◆ **Material shown**:
[Start of Attachment]
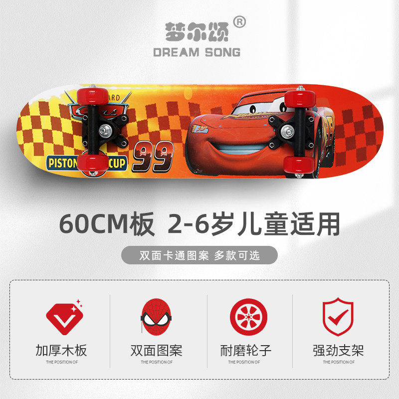 Children's four-wheel skateboard beginner 60 cm long scooter double-turned boy skateboard cartoon princess spiderman
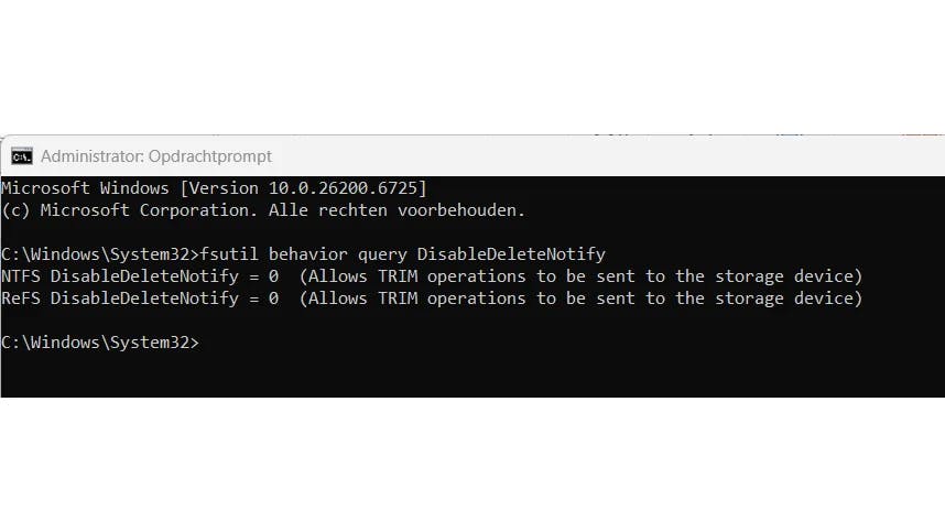 TRIM vertelt de SSD welke gegevens echt verwijderd zijn, zodat de schijf intern kan opruimen en die ruimte klaar kan maken voor nieuwe schrijfbewerkingen. In Windows 11 is TRIM standaard ingeschakeld, maar het is een kleine moeite om dit even te controleren. Open de Opdrachtprompt als administrator. Dan typ je fsutil behavior query DisableDeleteNotify. Krijg je als resultaat DisableDeleteNotify = 0 dan is TRIM ingeschakeld. Zie je daarentegen DisableDeleteNotify = 1 dan is TRIM uitgeschakeld. Om TRIM in dat geval te activeren, typ je fsutil behavior set DisableDeleteNotify 0 en druk je op Enter.
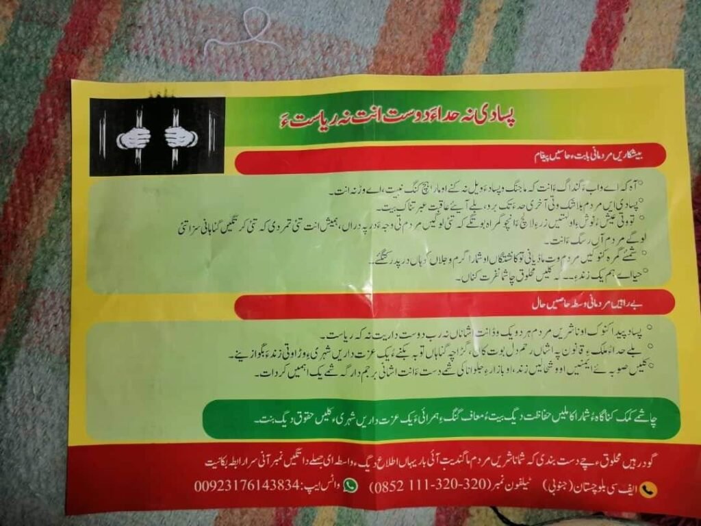 ڈاکٹر اللہ نذر بلوچ نے کہا کہ ایسی پمفلٹ بازی قابض اور نوآبادی طاقتوں کی جانب سے ایک حربہ ہے۔ وہ عام عوام پر مظالم ڈھاکر اسے راست ثابت کرنے کی کوشش کرتے ہیں لیکن بلوچ قوم پاکستان کا اصل چہرے اورنجات کی منزل سے واقف ہوچکا ہے۔ اس عظیم قوم کو کسی بھی قیمت پر اپنے منزل سے بھٹکایا نہیں جاسکتاہے۔
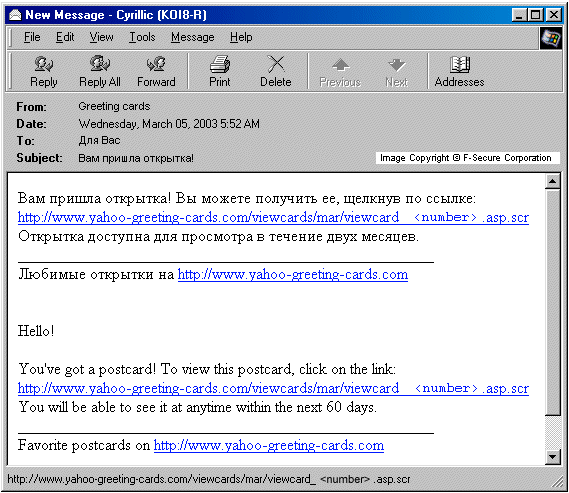 In the beginning of March 2003 there appeared the 3-component trojan that stole information from WebMoney users. WebMoney is the service that allows its users to transfer money anywhere in the world or to pay for goods in webshops. The creators of the trojan spread it in Russia first.
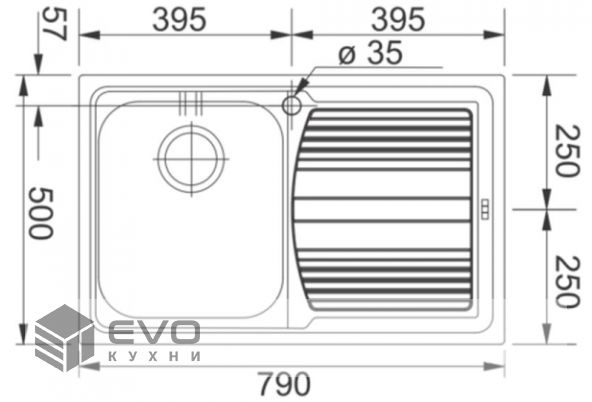 Мойка Franke LOGICA LLX 611 чаша справа, выпуск 3,5 (Пполированная)
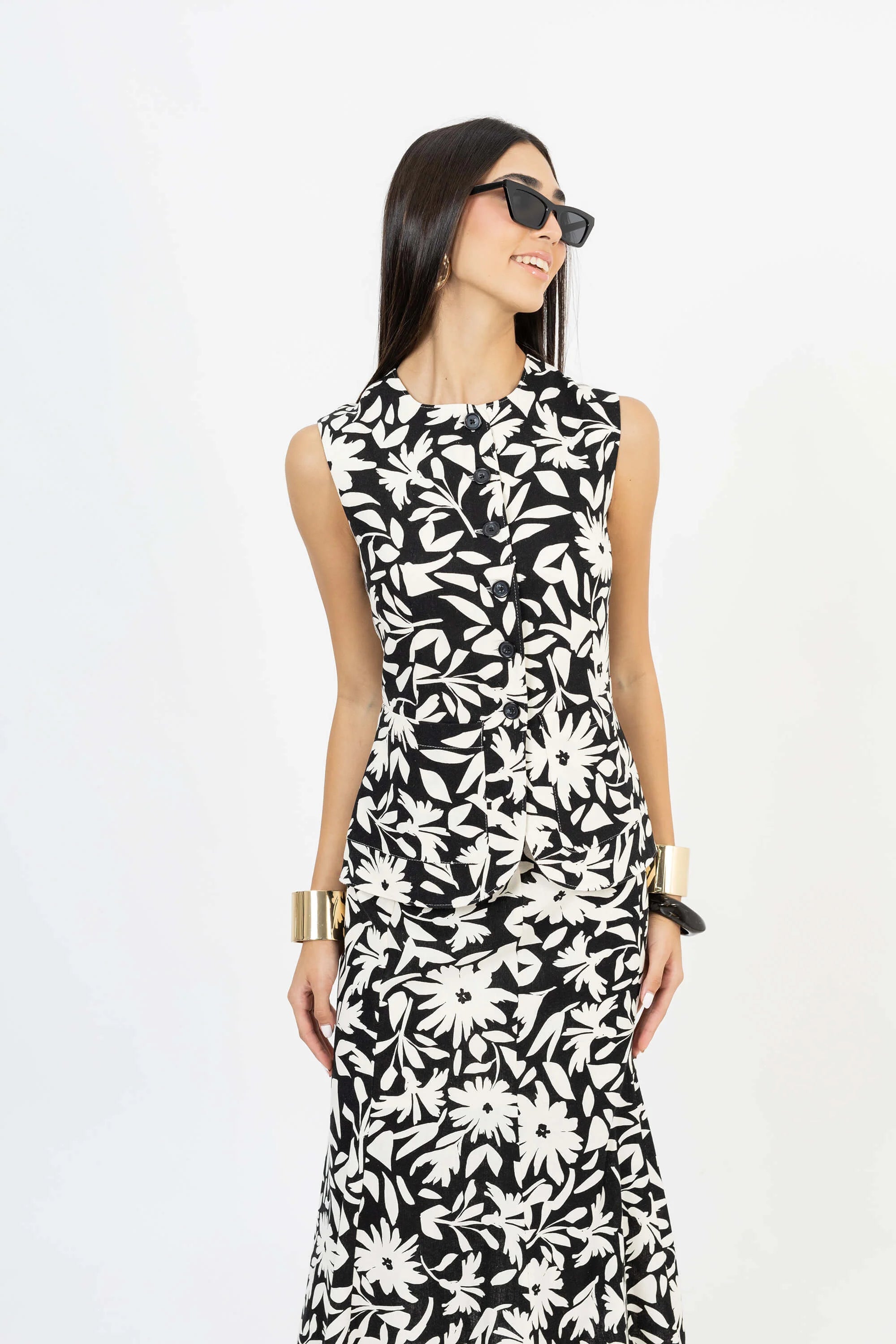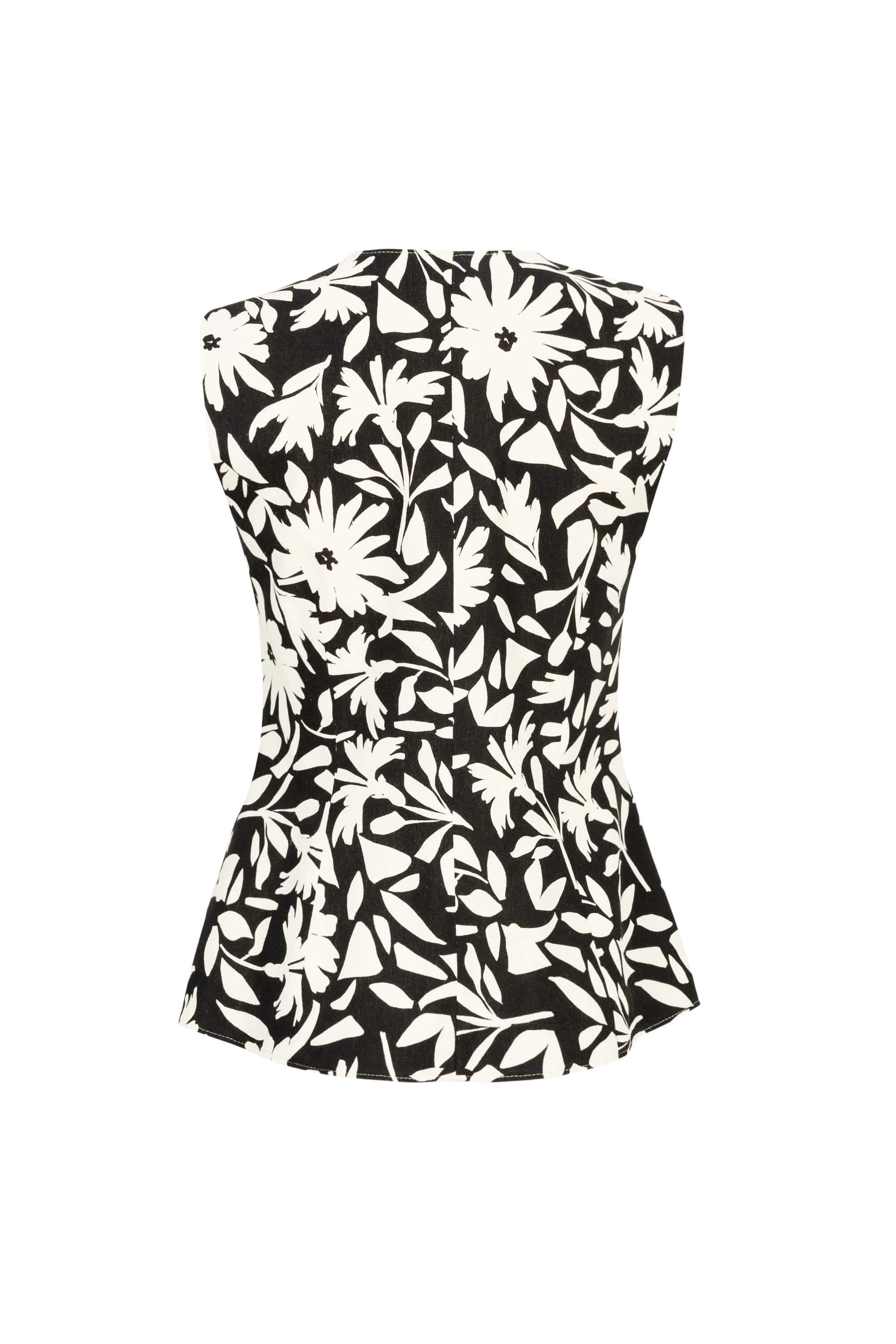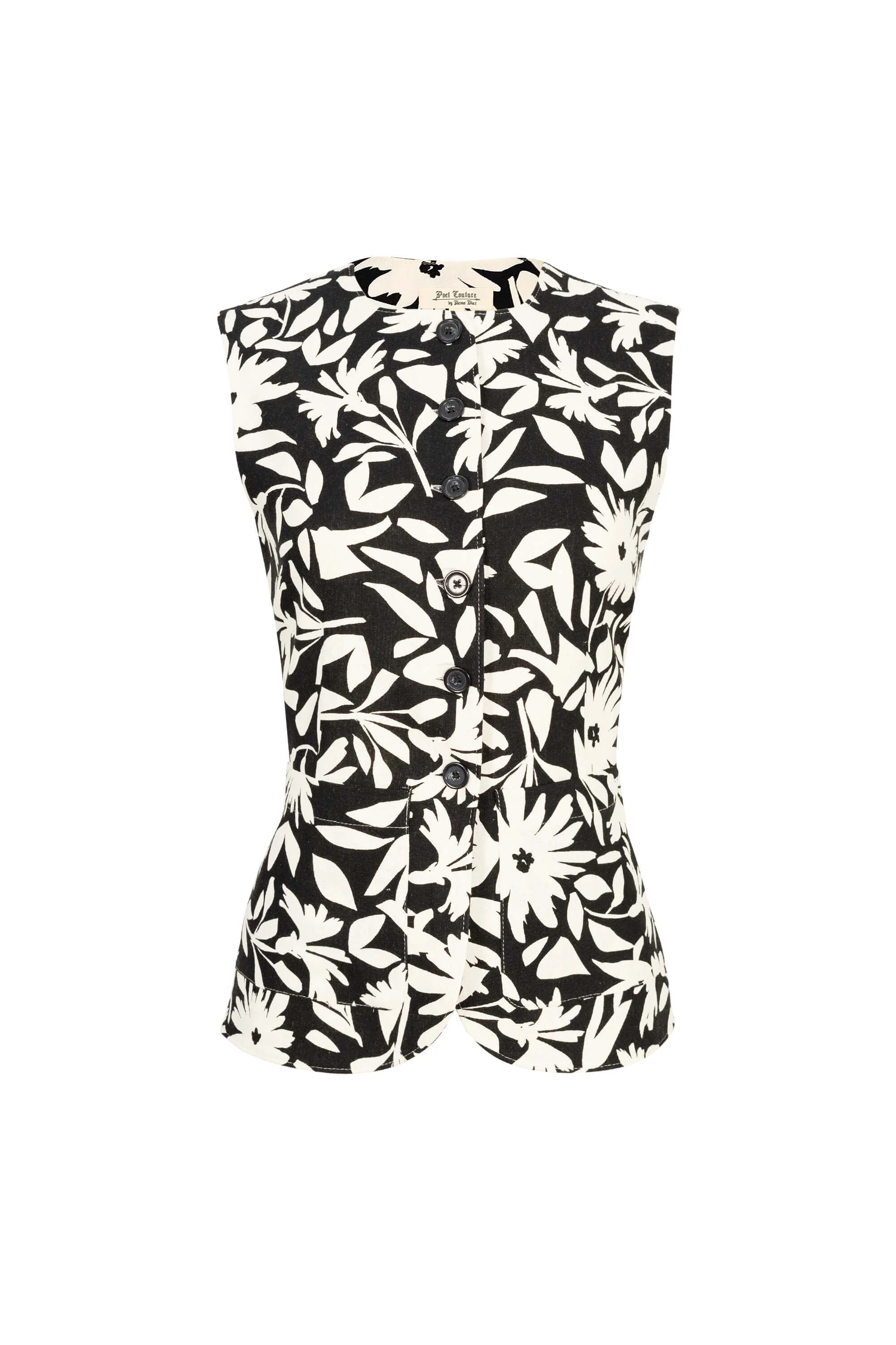 Con un corte entallado que estiliza la figura y un estampado floral de inspiración botánica, esta prenda eleva cualquier look con un toque de elegancia natural. Ideal para llevar sobre blusas ligeras, vestidos o incluso como pieza central, este diseño sin mangas aporta versatilidad sin sacrificar estilo.
[End of Attachment]
◆ **Activity**:
Your answer should be every line above, written out exactly, with no pictures.

◆ **Answer section**:
 Children's four-wheel skateboard beginner 60 cm long scooter double-turned boy skateboard cartoon princess spiderman
 TRIM vertelt de SSD welke gegevens echt verwijderd zijn, zodat de schijf intern kan opruimen en die ruimte klaar kan maken voor nieuwe schrijfbewerkingen. In Windows 11 is TRIM standaard ingeschakeld, maar het is een kleine moeite om dit even te controleren. Open de Opdrachtprompt als administrator. Dan typ je fsutil behavior query DisableDeleteNotify. Krijg je als resultaat DisableDeleteNotify = 0 dan is TRIM ingeschakeld. Zie je daarentegen DisableDeleteNotify = 1 dan is TRIM uitgeschakeld. Om TRIM in dat geval te activeren, typ je fsutil behavior set DisableDeleteNotify 0 en druk je op Enter.
 ڈاکٹر اللہ نذر بلوچ نے کہا کہ ایسی پمفلٹ بازی قابض اور نوآبادی طاقتوں کی جانب سے ایک حربہ ہے۔ وہ عام عوام پر مظالم ڈھاکر اسے راست ثابت کرنے کی کوشش کرتے ہیں لیکن بلوچ قوم پاکستان کا اصل چہرے اورنجات کی منزل سے واقف ہوچکا ہے۔ اس عظیم قوم کو کسی بھی قیمت پر اپنے منزل سے بھٹکایا نہیں جاسکتاہے۔
 In the beginning of March 2003 there appeared the 3-component trojan that stole information from WebMoney users. WebMoney is the service that allows its users to transfer money anywhere in the world or to pay for goods in webshops. The creators of the trojan spread it in Russia first.
 Мойка Franke LOGICA LLX 611 чаша справа, выпуск 3,5 (Пполированная)
 Con un corte entallado que estiliza la figura y un estampado floral de inspiración botánica, esta prenda eleva cualquier look con un toque de elegancia natural. Ideal para llevar sobre blusas ligeras, vestidos o incluso como pieza central, este diseño sin mangas aporta versatilidad sin sacrificar estilo.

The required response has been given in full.